Polymer quantization versus the Snyder noncommutative space

TL;DR

This paper explores a noncanonical polymer quantum mechanics framework, revealing modifications to the Heisenberg algebra and potential links to string theory's generalized uncertainty principles, while maintaining similar physical results to standard quantum mechanics.

Contribution

It introduces a noncanonical Hilbert space representation of polymer quantum mechanics and connects it with Snyder-deformed algebras and generalized uncertainty principles.

Findings

Modified Heisenberg algebra leads to a generalized uncertainty principle.

Noncanonical Poisson brackets relate to canonical ones via Darboux transformation.

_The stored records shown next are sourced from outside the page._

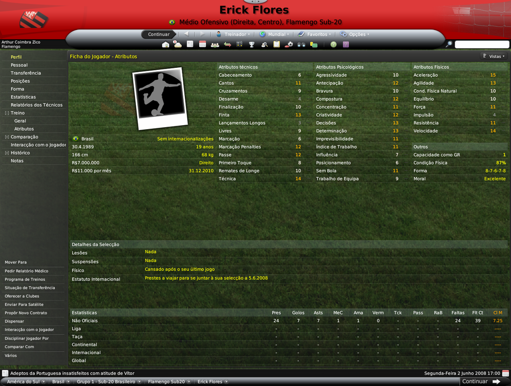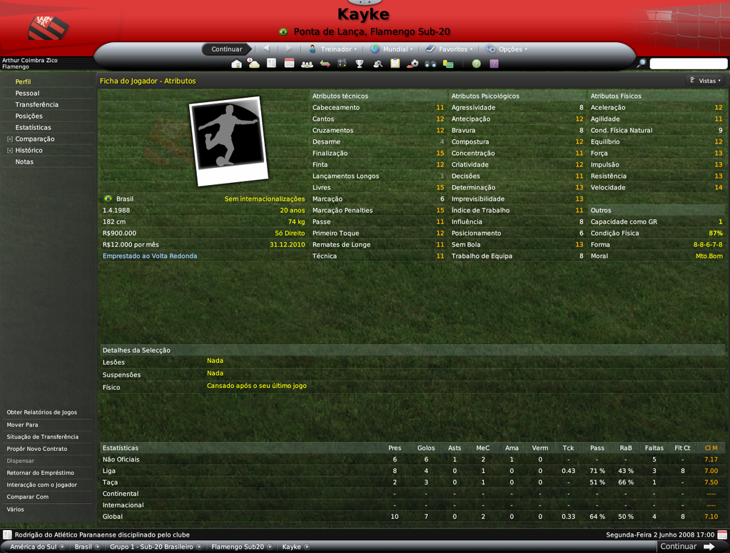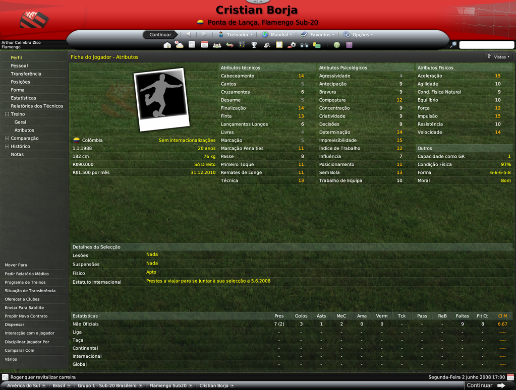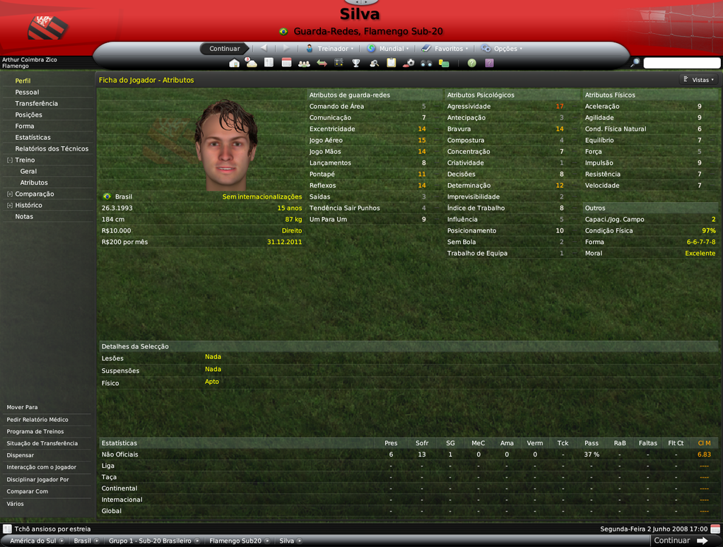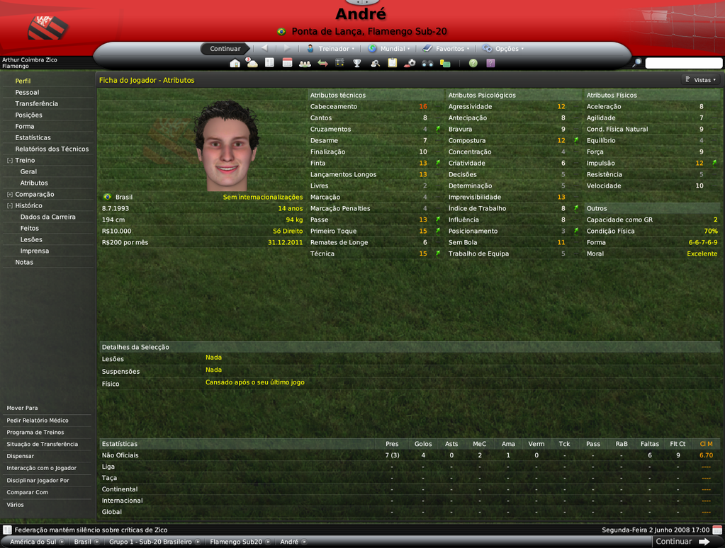 Jirimias Postado 14 de Julho 2008 Denunciar Postado 14 de Julho 2008 Bom, este não será propriamente um resumo, mas um post de informações adicionais, como staffs e sub-20.Vou esperar pelo fim da Libertadores para lançar as estatísticas da equipe e jogos do Campeonato Brasileiro. Destaquei abaixo os principais nomes do elenco sub-20 do Flamengo, entre eles estão jogadores revelados no clube (em preto) e jogadores revelados por outros clubes(em azul).Mas o sol não brilhou para todos, mais de 10 jovens tiveram seus contratos rescindidos ou foram simplesmente dispensados após análise cuidadosa de Adilío. A busca por craques vai continuar pela América do Sul e pelo Brasil. Alexandre Duarte(central promissor) | Anderson Bamba | André | Carlos Luciano (central promissor) | Danilo Moura (ponta promissor) | Erick Flores | Everton (médio promissor) | Fabrício (goleiro promissor, revelado pelo Santos) | Gustavo Siqueira ( médio promissor revelado pelo Santos) | Kayke | Leonardo | Luiz Carlos (central promissor) | Rony Xavier (lateral promissor) | Silva (goleiro promissor) | Vander | Vitor Saba (médio espetacular revelado pelo Vasco)| Omar Andrade | Cristian Borja Não foram tantas mudanças na comissão técnica devido às restrições a números de staffs impostas pelo Flamengo, o que me forçou a oferecer contratos para os treinadores das camadas jovens, os treinos da equipe ficaram desta forma.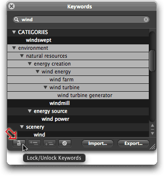 If you wish to prevent un-intended additions to your controlled vocabulary keyword list, there is now an option to "lock" the Keywords HUD. The toggle is located in the lower left corner of the Keywords HUD. Simply click on the unlocked icon to lock the vocabulary. Click again to unlock.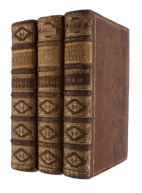 Kjøbenhavn, Jacob Preusses, 1740 - 1746. 8vo. Uniformly bound in three nice contemporary full calf bindings with five raised bands an richly gilt spines. Small paper-label pasted on to upper part of spine. Ex-libris (Juel of Valdemar's Castle) pasted on to pasted down front end-paper. A nice and clean set. (4), 636, (4) pp. (4), 560 pp. (10), 548 pp.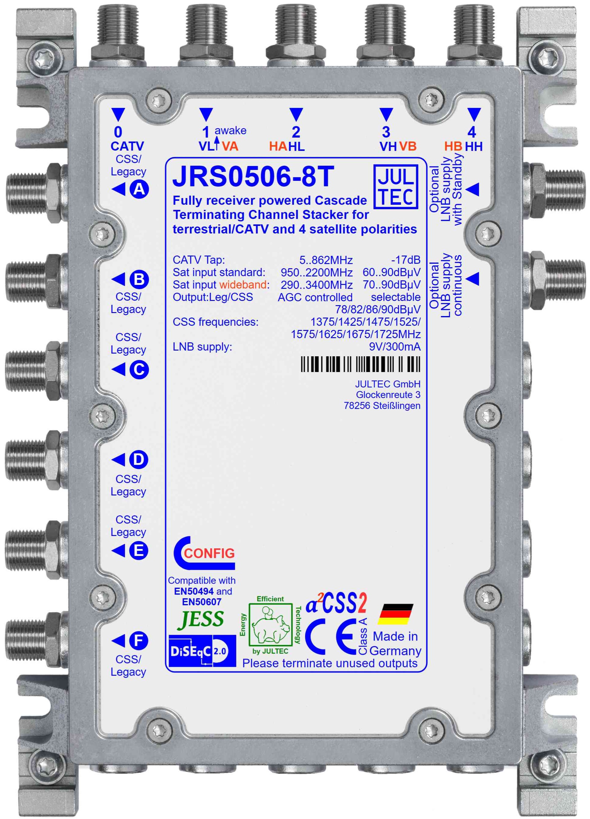 | Schirmung/EMV | CE (EN 60728-2), Klasse A | |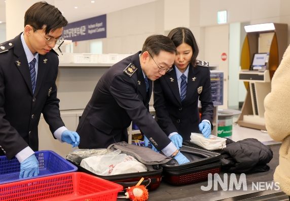 제이앤엠뉴스 | 관세청은 22일 이명구 관세청장이 인천공항을 찾아, 여행자 휴대품 검사관들과 함께 우범 수하물 선별 및 개장검사, 우범여행자 신체 및 밀리미터파 검색기 운용 등 마약 검사업무를 직접 수행하며 여행자 분야 마약 단속 현장을 점검하고, 지난 5일 발표한 ‘관세청 마약 단속 종합 대책’의 철저한 이행을 주문했다고 밝혔다.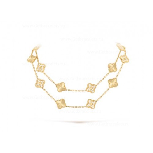 Colier lung Van Cleef Arpels Alhambra cu 20 de motive și diamante din aur galben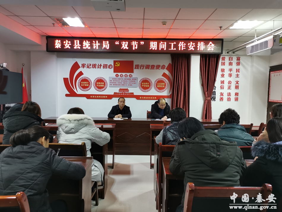 为深入贯彻落实县委、县政府对2022年元旦春节期间有关工作的部署要求,12月31日,秦安县统计局召开“双节”期间工作安排会。全体干部职工参加会议。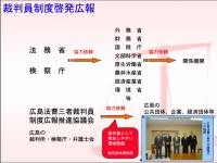 ここ広島県においても,広島の裁判所,検察庁,弁護士会で組織する「広島法曹三者裁判員制度広報推進協議会」では,これまで公開模擬裁判やフォーラムなど様々な形で裁判員制度の啓発広報に努めてまいりました。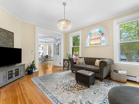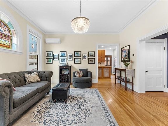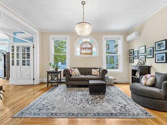 Housed in a turreted 1895 Victorian, this gorgeous condo is anything but cookie-cutter! From the gracious common foyer to the large private porch overlooking a tranquil fenced yard, this home is truly special. The unit's main floor features a flexible flowing layout with well-proportioned rooms, high ceilings, large windows and period details including original mouldings, stained glass windows and two tiled fireplaces. The lower level offers many possibilities – media room, creative workshop, space for guests -- you name it! All of this plus two parking spaces including one in the garage. Other perks include two full baths, in-unit laundry, air conditioning, and abundant storage space. Fantastic location on a tree-lined residential street with easy access to the Community Path, the Gilman Square Green Line Station, Sarma, Highland Kitchen, Neighborhood Produce, The Armory, etc. Self-managed, pet-friendly association.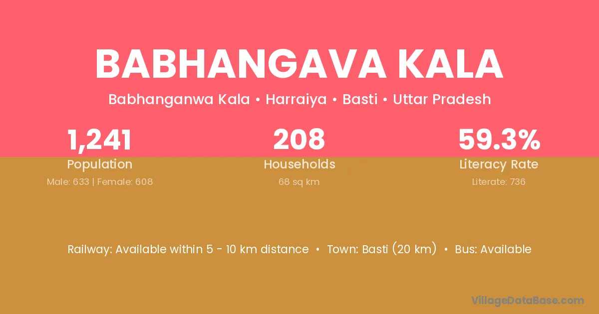 Basti (20 km) is the nearest town to Babhangava Kala village for major economic activities and is located approximately 20 km away.

Translation group remains undeformed in the Snyder-deformed algebra.

Abstract

We study a noncanonical Hilbert space representation of the polymer quantum mechanics. It is shown that Heisenberg algebra get some modifications in the constructed setup from which a generalized uncertainty principle will naturally come out. Although the extracted physical results are the same as those obtained from the standard canonical representation, the noncanonical representation may be notable in view of its possible connection with the generalized uncertainty theories suggested by string theory. In this regard, by considering an Snyder-deformed Heisenberg algebra we show that since the translation group is not deformed it can be identified with a polymer-modified Heisenberg algebra. In classical level, it is shown the noncanonical Poisson brackets are related to their canonical counterparts by means of a Darboux transformation on the corresponding phase space.